«Più di ogni altra arte il teatro non potrebbe mai essere separato dal luogo dove nasce», diceva Jean Duvignaud, sociologo, drammaturgo e romanziere francese del secolo scorso. Leggendolo al contrario, ci si accorge che, quando i contesti e le persone che li abitano sono investite da metamorfosi importanti, anche il teatro, come forma culturale, è destinato a cambiare. Specialmente se si verificano trasformazioni così profonde e radicali come quelle attraversate da Milano negli ultimi quindici anni, che ne hanno rimodellato il volto facendo perno proprio sulla cultura.
Come è cambiato il teatro a Milano? Quale pezzo di città, oggi, è rappresentato sui palcoscenici delle sue arene culturali? Chi viene raccontato?
C’è una specie di periferia della Renaissance meneghina che proprio il teatro può narrare, portandone sul palcoscenico personaggi e le trame. Se ne incarica, nei weekend fino al 5 dicembre, la prima edizione de “La linea del colore”, rassegna di teatro sociale che va in scena presso lo spazio teatrale Quarta Parete, all’interno della stazione di Porta Vittoria in viale Mugello a Milano.
Un’area di confine della città, a due passi sia dal centro sia da zone che sono oggetto, oggi, di importanti progetti di riqualificazione urbana ,come l’ex-macello in via Molise, dove sorgerà il nuovo campus Ied.
La rassegna si rivolge alle periferie, coinvolte non solo come pubblico ma anche come partner creativo, co-produttore delle pièce e dei contenuti della manifestazione, comprendendo anche la realtà dell’immigrazione. «Lavorare con chi proviene da altri Paesi si è rivelato essenziale nella costruzione del percorso di programmazione», spiegano i promotori della rassegna, la compagnia teatrale Animanera, «chi meglio di loro può raccontare le ferite, i dolori, ma anche la forza che nasce quando si scontra con la vita?».
Attraverso la collaborazione di una rete di realtà attive in città, come lo Sportello immigrazione del Comune, la Scuola civica di cinema, Teatro Utile, Arte Passante, Rete Corvetto, i Cpia Milano e l’associazione La Tenda, approda così sulla scena del festival un mondo multiforme e variegato della Milano al di là della “circonvalla”, il confine tra “chi è dentro” e “chi è fuori” dalla città dei record di modernità.

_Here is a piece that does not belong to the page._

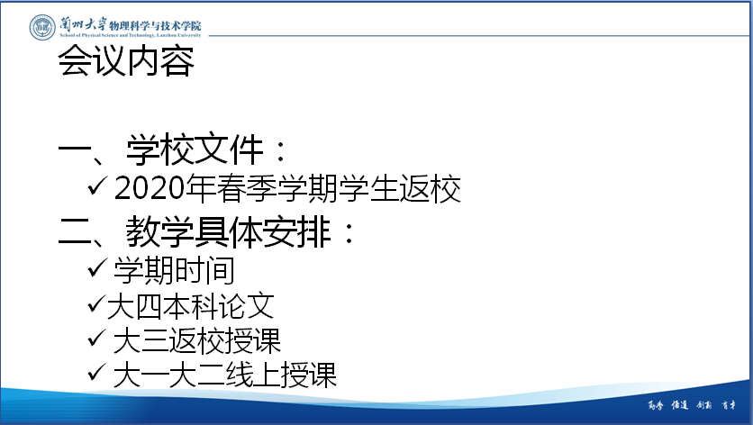 王建波从九个方面认真传达了兰州大学《开云登陆入口做好2020年春季学期学生返校工作的通知》。他指出,学生返校复课工作是学院当前最重要、最紧迫的头等大事,各教研室要高度重视常态化疫情防控、学生返校和教育教学工作,强化责任担当、按照学校开云登陆入口开学工作有关要求,认真落实学校安排部署,充分考虑学生的实际情况,落实落细疫情防控各项要求,加快恢复教学科研等工作。

C’è la storia surreale del fattorino di uno dei tanti delivery service che d’improvviso, per poco più di un ritardo produttivo, deve difendersi dal sospetto di essere un pericoloso terrorista in lotta contro la gig Economy. O la vita sessuale e affettiva dei “diversi”, messa in scena dai suoi reali protagonisti, come Giorgio Cossu (affetto da tetraparesi spastica), Barbara Apuzzo (artrogriposi), Antonia Monopoli (disfasia di genere), Yudel Collazo (che ha, semplicemente, la pelle nera: ma basta questo per sentirsi diversi). O ancora le autobiografie di giovani immigrati, Victory Oduabong e Zacaria Toure, a cui la rassegna offre un palco e un pubblico.
Un caleidoscopio di storie e di voci che raccontano, ognuna dalla sua prospettiva, la realtà della differenza in tutte le sue forme: di genere, identitaria, sociale, razziale, religiosa, sessuale, generazionale. Il tutto in un luogo – Quarta Parete – che è già una storia a sé.
È nata dall’idea di Anna Ginevra Ongaro, attrice milanese venuta a mancare a trent’anni per un cancro che voleva offrire ai suoi colleghi giovani attori e registi uno spazio per provare, studiare, sperimentare, ricercare. Si sviluppa in una struttura che parla di rigenerazione urbana, la stazione di Porta Vittoria che Rfi, d’accordo col Comune, ha messo a disposizione dell’associazione Artepassante. Sarà quindi attraverso le pareti vetrate e i mezzanini della metro che i passanti, stupiti, potranno assistere agli spettacoli di questa rassegna sui generis.